Nathaniel Popper is a journalist for Bloomberg News covering finance and technology from San Francisco. He previously worked for The New York Times, Los Angeles Times,The Forward, Let’s Go Travel Guides and The Boston Globe. He studied history and literature at Harvard University, where he also played Junior Varsity Hockey.

Popper became interested in Bitcoin when he wrote an article that revealed how the Winklevoss twins, Cameron and Tyler Winklevoss, had amassed a large stockpile of Bitcoins. He then spent much of his time researching the origins of Bitcoin. In 2015, he wrote Digital Gold: Bitcoin and the Inside Story of the Misfits and Millionaires Trying to Reinvent Money, a book that includes the story of early Bitcoin supporters.
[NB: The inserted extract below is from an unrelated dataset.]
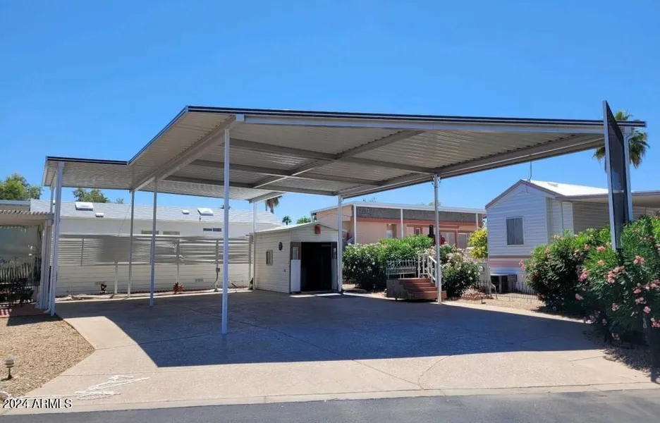 Amazing corner lot with oversized awning! This is your new slice of Paradise. Lot is almost completely shaded and big enough for any RV and large enough to add a bigger structure if needed. Lot has potential rent income, current renters at $1,250 per month. This property comes with a shed, full washer and dryer with storage. Outside dining area and partial view of the golf course. This is a 55 plus community with guarded gate and community center within walking distance of pool and plenty of activities. Come see it today!

The book was a finalist for the 2015 Financial Times Business Book of the Year Award.

While based in New York, Popper was responsible for covering Wall Street banks like Goldman Sachs, JPMorgan Chase and Morgan Stanley. After moving to the San Francisco Bay Area, he began writing about financial technology firms such as Social Finance, Credit Karma and Square, along with continuing to cover Bitcoin, Ethereum and the blockchain. Popper lives in Oakland, California, with his wife and two sons.